It was only a week before 9/11 that Peter Bergen turned in the manuscript of Holy War, Inc., the story of Osama bin Laden--whom Bergen had once interviewed in a mud hut in Afghanistan--and his declaration of war on America. The book became a New York Times bestseller and the essential portrait of the most formidable terrorist enterprise of our time. Now, in Manhunt, Bergen picks up the thread with this taut yet panoramic account of the pursuit and killing of bin Laden.
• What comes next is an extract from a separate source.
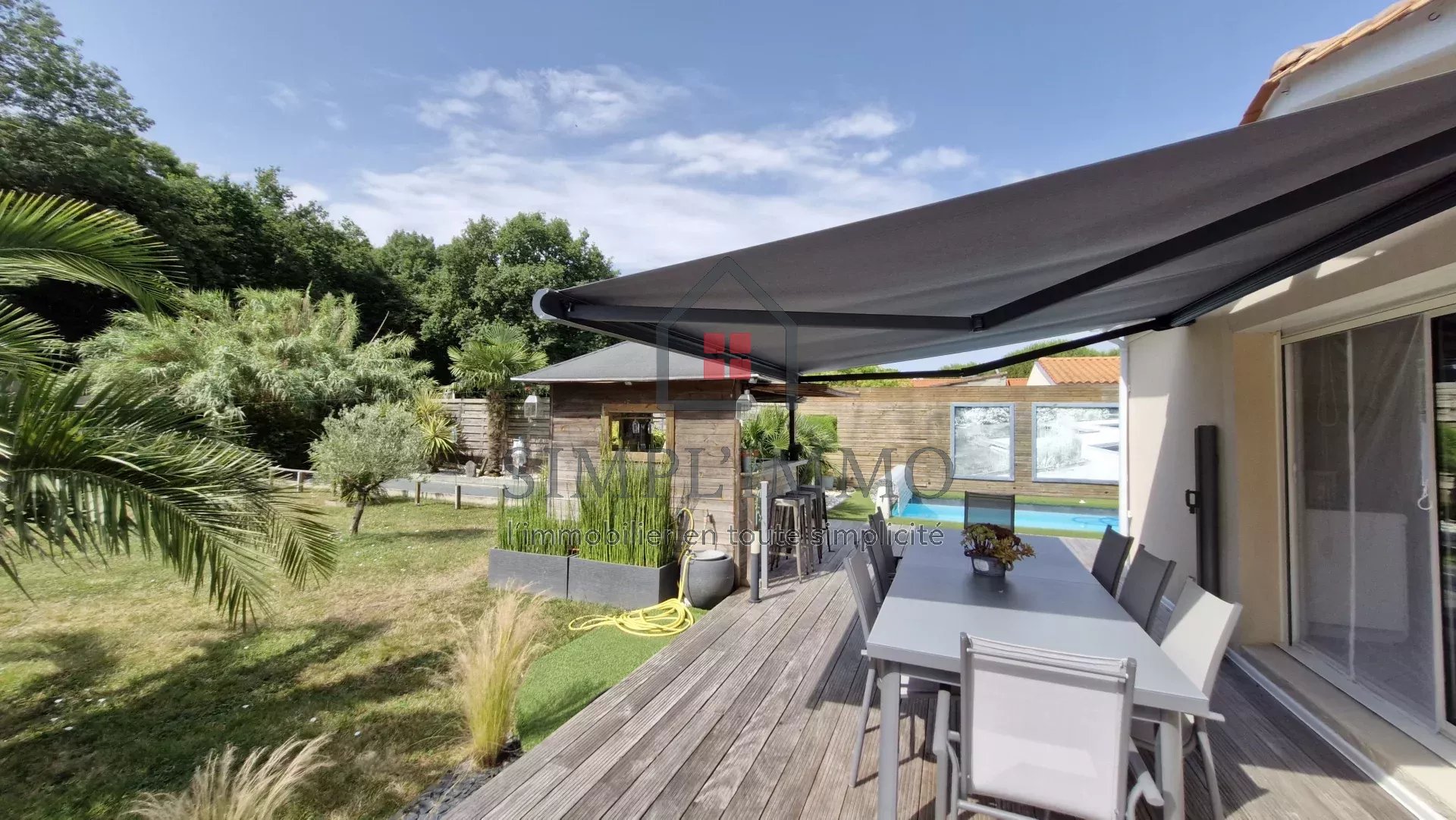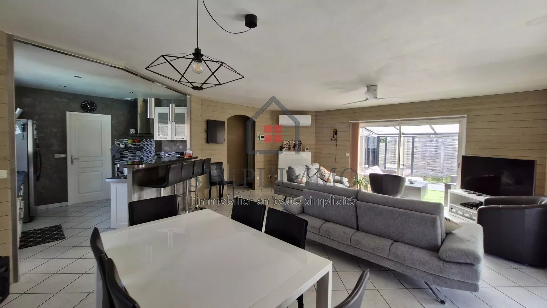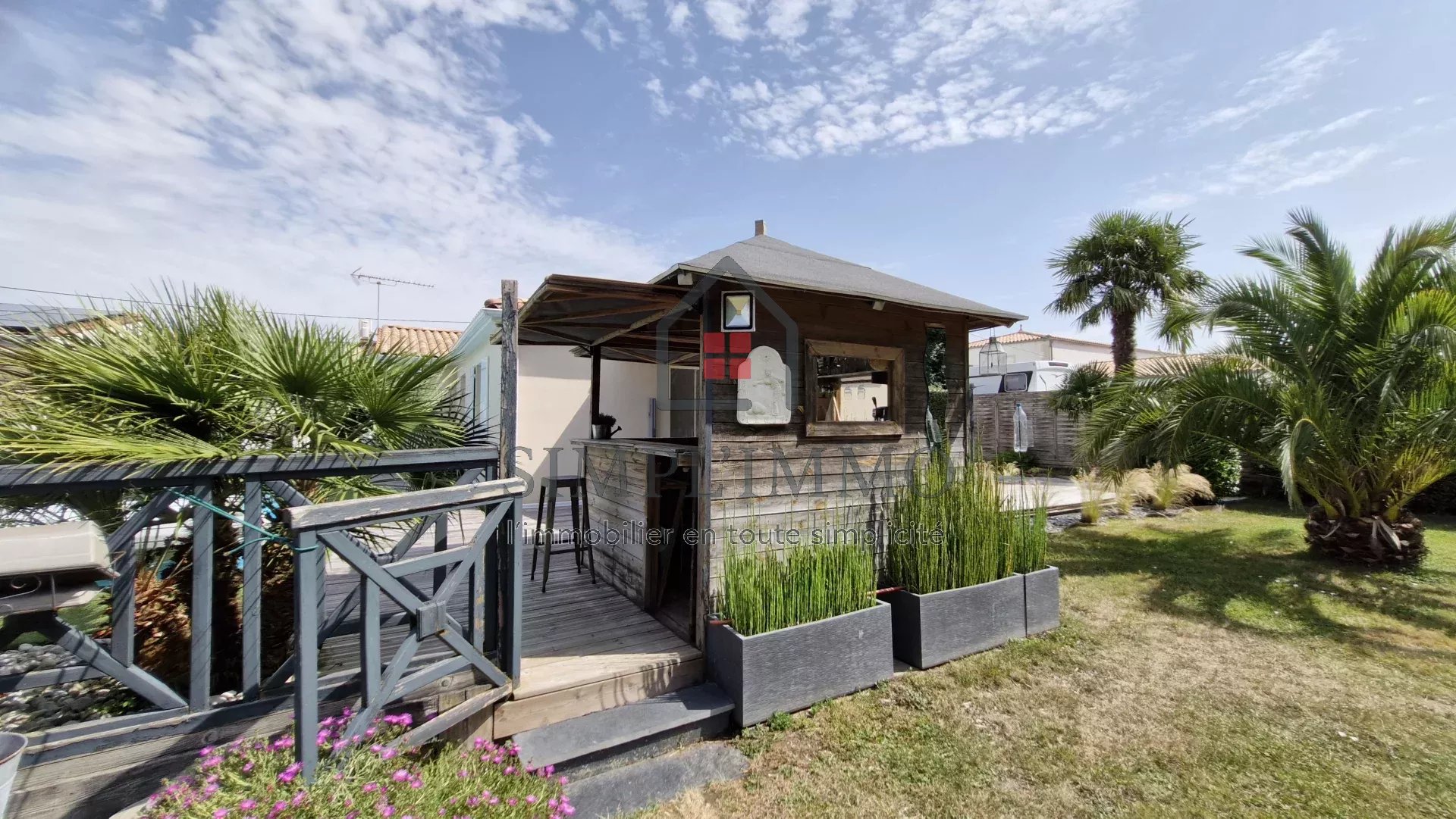 La maison principale se compose d’une grande pièce de vie lumineuse avec cuisine ouverte et aménagée, parfaite pour les moments en famille ou entre amis. Elle dispose de trois chambres, ainsi que d’une suite parentale avec salle d’eau privative. Un WC indépendant, un cellier pratique à proximité de la cuisine et un garage complètent cet espace de vie fonctionnel et confortable.
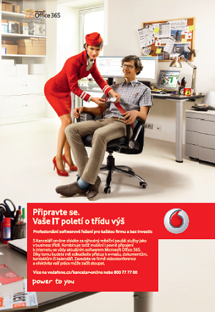 Vodafone spustí od 2. dubna kampaň na službu Kancelář online, která kombinuje mobilní a pevné připojení k internetu se softwarem Microsoft Office 365. Cílem kampaně je oslovit firmy, které by rády využívaly kvalitní kancelářské programy, ale nechtějí investovat větší částky do pořizování softwaru a dokupování aktualizací. Kampaň poběží do konce května v tisku, rádiu, online médiích a outdoorových médiích.

Here are riveting new details of bin Laden’s flight after the crushing defeat of the Taliban to Tora Bora, where American forces came startlingly close to capturing him, and of the fugitive leader’s attempts to find a secure hiding place. As the only journalist to gain access to bin Laden’s Abbottabad compound before the Pakistani government demolished it, Bergen paints a vivid picture of bin Laden’s grim, Spartan life in hiding and his struggle to maintain control of al-Qaeda even as American drones systematically picked off his key lieutenants.
Half a world away, CIA analysts haunted by the intelligence failures that led to 9/11 and the WMD fiasco pored over the tiniest of clues before homing in on the man they called "the Kuwaiti"--who led them to a peculiar building with twelve-foot-high walls and security cameras less than a mile from a Pakistani military academy. This was the courier who would unwittingly steer them to bin Laden, now a prisoner of his own making but still plotting to devastate the United States.
Bergen takes us inside the Situation Room, where President Obama considers the COAs (courses of action) presented by his war council and receives conflicting advice from his top advisors before deciding to risk the raid that would change history--and then inside the Joint Special Operations Command, whose "secret warriors," the SEALs, would execute Operation Neptune Spear. From the moment two Black Hawks take off from Afghanistan until bin Laden utters his last words, Manhunt reads like a thriller.
Based on exhaustive research and unprecedented access to White House officials, CIA analysts, Pakistani intelligence, and the military, this is the definitive account of ten years in pursuit of bin Laden and of the twilight of al-Qaeda.